• **ASSIGNMENT**:
If pictures appear, leave them out, and return exactly the lines from the one holding "en el embudo." through the last line of the listing below.

*** DATASET SECTION ***

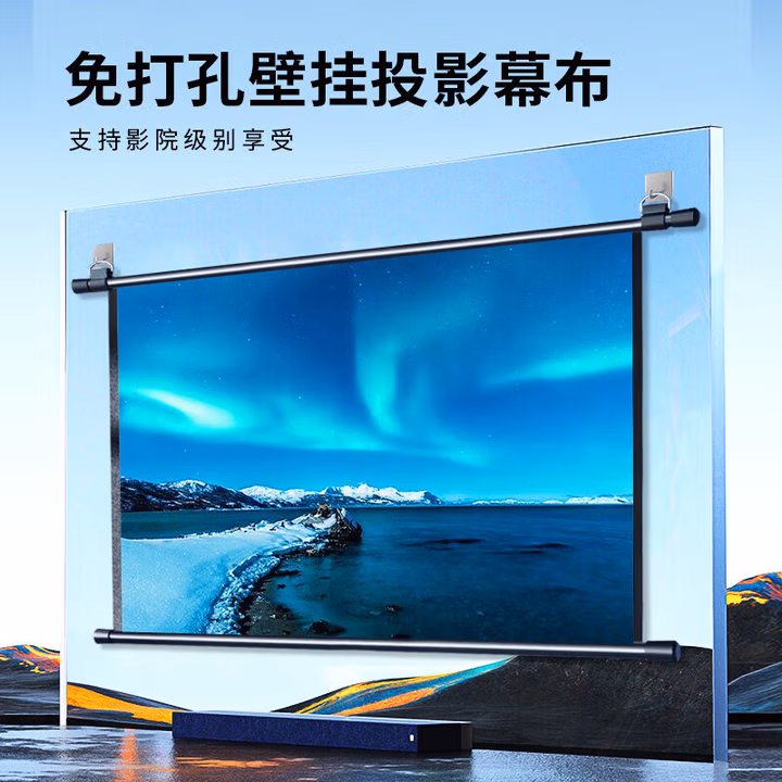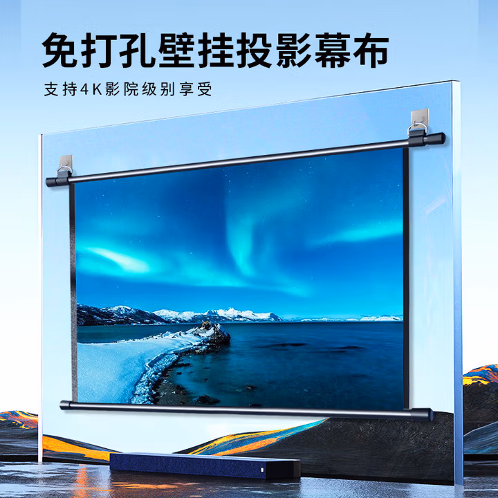 > 美硕(MEISHUO)挂壁幕布简易安装投影仪幕布【免打孔】高清投影机幕适配小米极米坚果爱普生
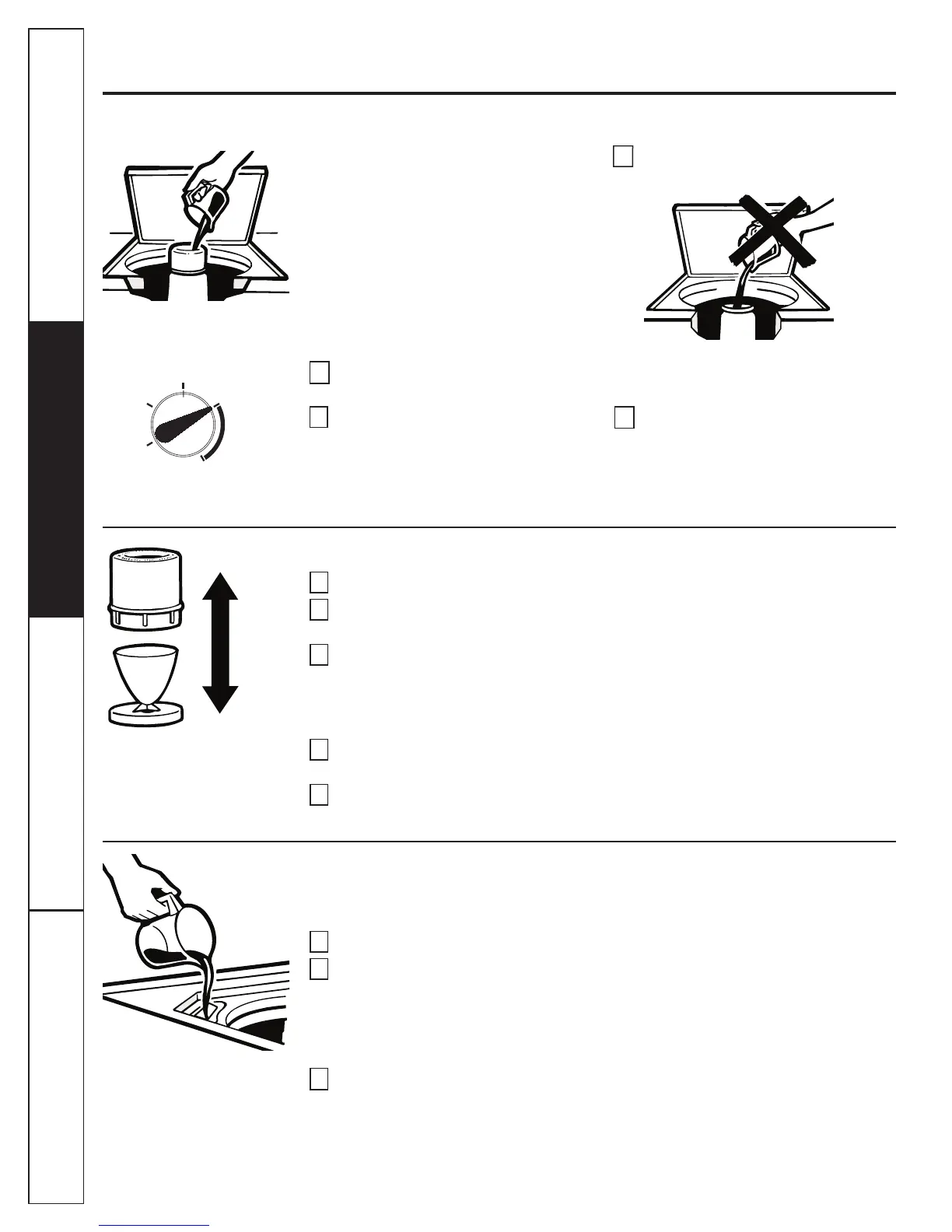 en el embudo. Evite salpicar o llenar el dosificador en exceso. Si prefiere usar blanqueador
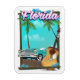 Das Florida Retro Reiseplakat mit klassischer Akustik-Gitarre und klassischem Sea-Schaumgrün-Auto.

*** End of DATASET SECTION ***

• **ANSWER TO THIS PROBLEM**:
 en el embudo. Evite salpicar o llenar el dosificador en exceso. Si prefiere usar blanqueador
 Das Florida Retro Reiseplakat mit klassischer Akustik-Gitarre und klassischem Sea-Schaumgrün-Auto.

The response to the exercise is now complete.